Ginas previous garden she was able to plant 2 rows of corn in a 5 foot long space and 5 rows of corn in a 11 foot long space. find a linear equation for the length of the bed (y) in which she can fit x rows of corn.
To find a linear equation for the length of the bed (y) in which Gina can fit x rows of corn, we need to determine the relationship between the number of rows of corn and the length of the bed.
From the given information, we have two data points:
- In a 5-foot long space, Gina can plant 2 rows of corn.
- In an 11-foot long space, Gina can plant 5 rows of corn.
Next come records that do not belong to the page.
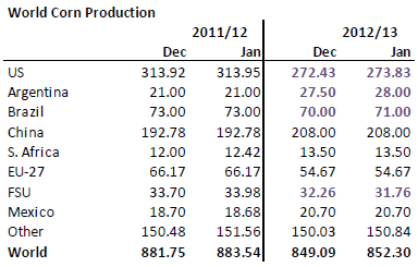 USDA justerade upp sojabönsproduktionen 2012/13 i fredagens WASDE-rapport. Brasilien höjdes, vilket är i linje med lokala prognoser. USA höjdes också, men Argentina sänktes. USDA sänkte även Argentinas uppskattade skörd förra året, vilket då slår på utgående lager för 12/13.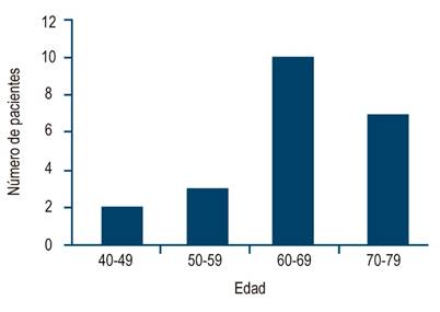 Figura 3 Edad de pacientes con EB. En el eje X se observan los rangos de edad: 40 a 49, 50 a 59, 60 a 69 y 70 a 79 años.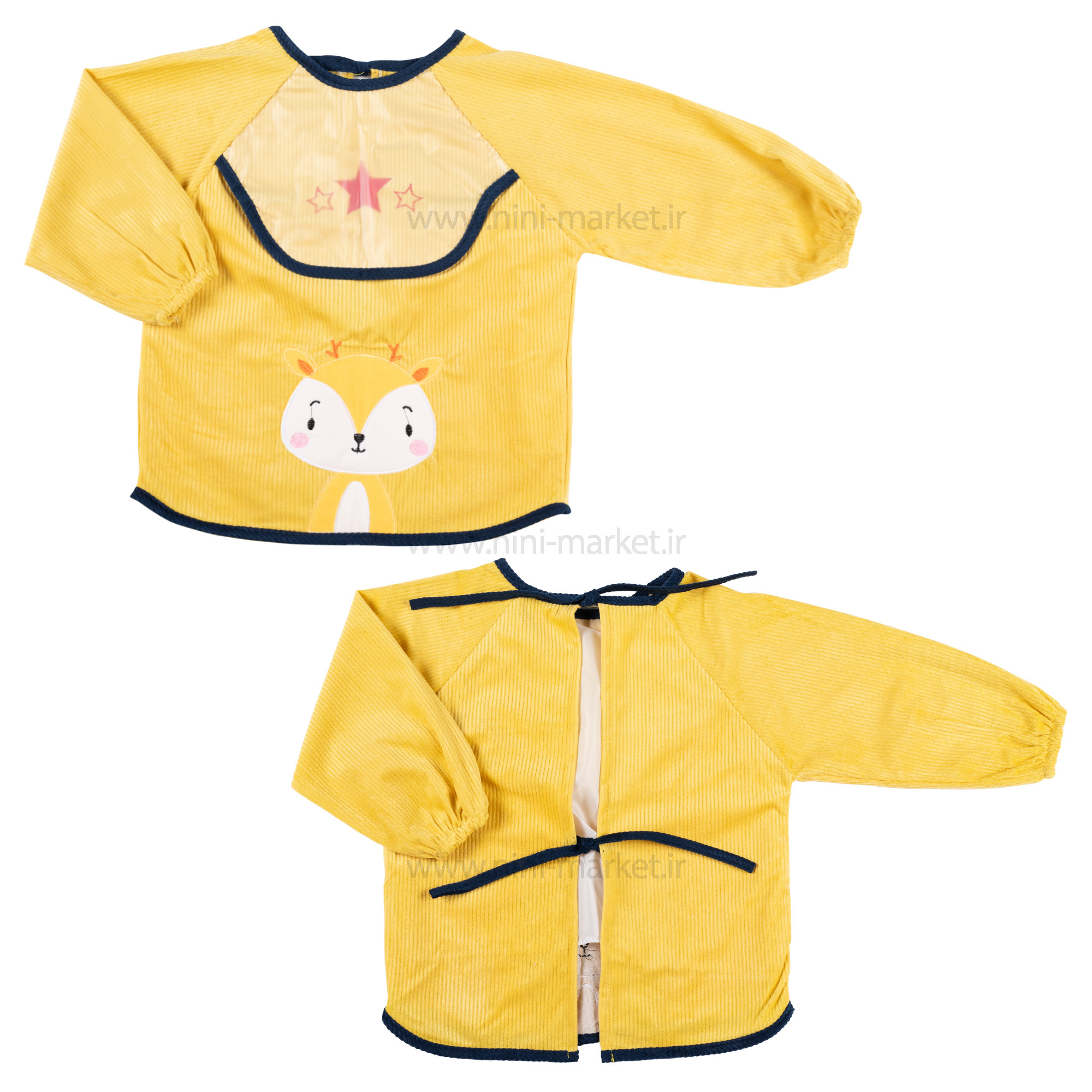 پيشبند آستین دار مخمل طرح گوزن رنگ زرد برند خارجی

Let's assign the number of rows of corn as x and the length of the bed as y. To find the linear equation, we need to find the slope (m) and the y-intercept (b).
First, let's find the slope (m):
Slope (m) = (change in y) / (change in x)
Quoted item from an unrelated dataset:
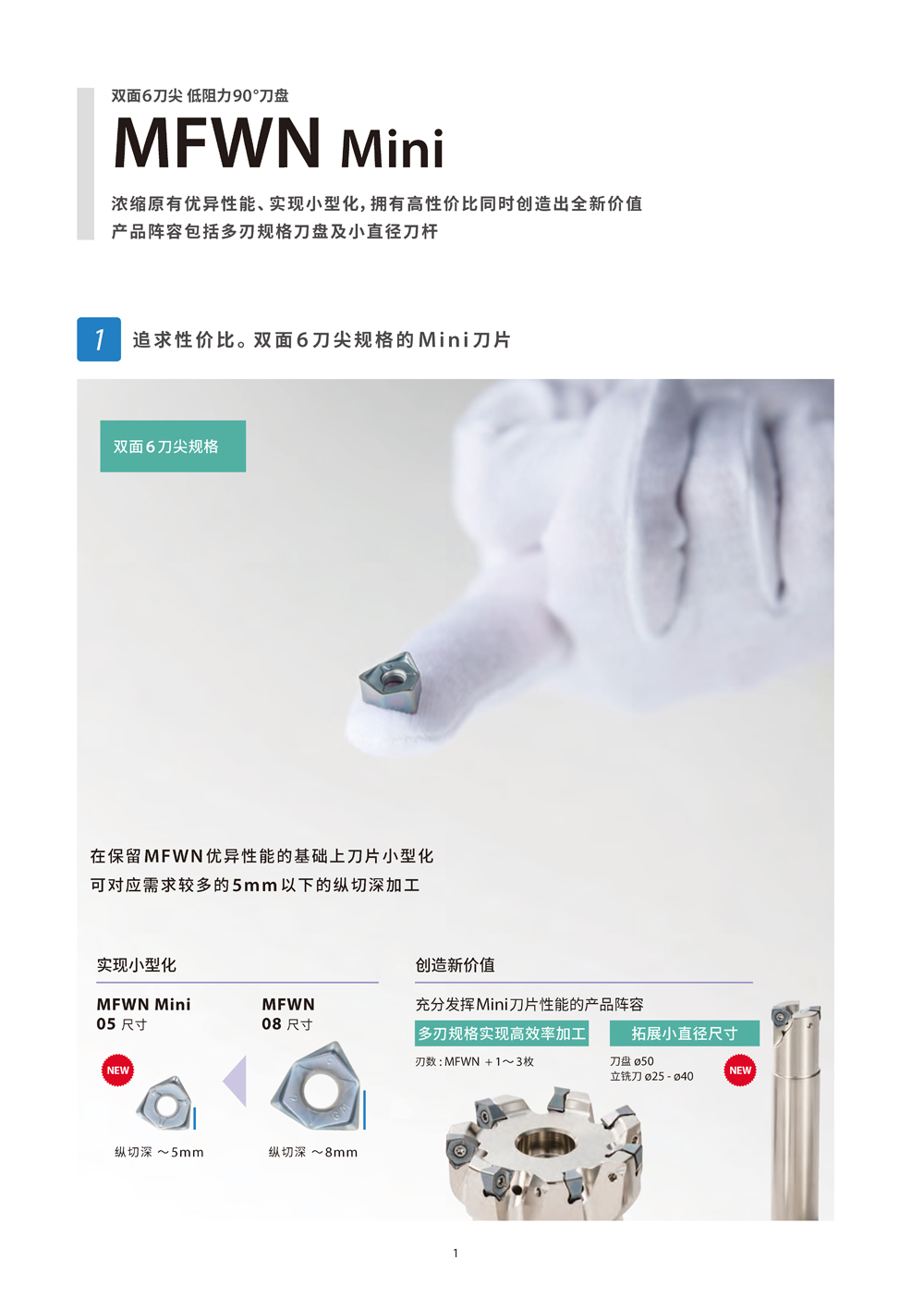 在保留MFWN優(yōu)異性能的基礎(chǔ)上刀片小型化可對應(yīng)需求較多的5mm以下的縱切深加工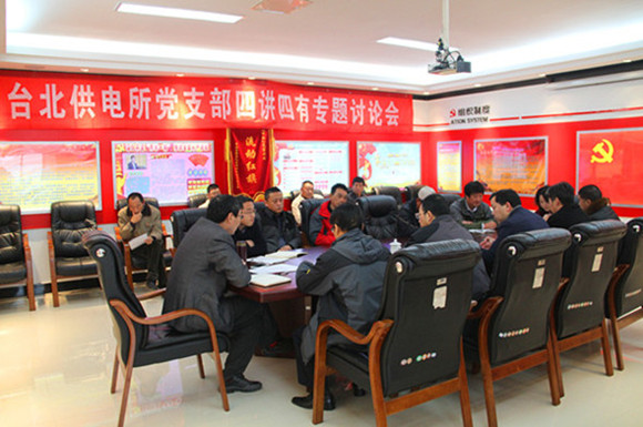 根據市委組織部統一部署,11月21日下午,臺北供電所組織黨員開展了以“做‘四講四有’合格黨員”為主題的大討論活動。集團公司黨群工作部副部長夏正斌一行、公司副書記王志軍及相關部門人員參加會議。

(change in y) = (5 rows - 2 rows) = 3 rows
(change in x) = (11 feet - 5 feet) = 6 feet
Slope (m) = (3 rows) / (6 feet) = 1/2
So, the slope (m) is 1/2.
Now, let's find the y-intercept (b):
For one of the data points, we can choose the 5-foot long space where Gina can plant 2 rows of corn.
Therefore, x = 2 and y = 5.
Using the slope-intercept form of a linear equation (y = mx + b), we can substitute the values into the equation and solved for b:
5 = (1/2)(2) + b
5 = 1 + b
b = 5 - 1
b = 4
So, the y-intercept (b) is 4.
Now we have the slope (m) and the y-intercept (b), we can write the linear equation as:
y = (1/2)x + 4
Therefore, the linear equation for the length of the bed (y) in which Gina can fit x rows of corn is y = (1/2)x + 4.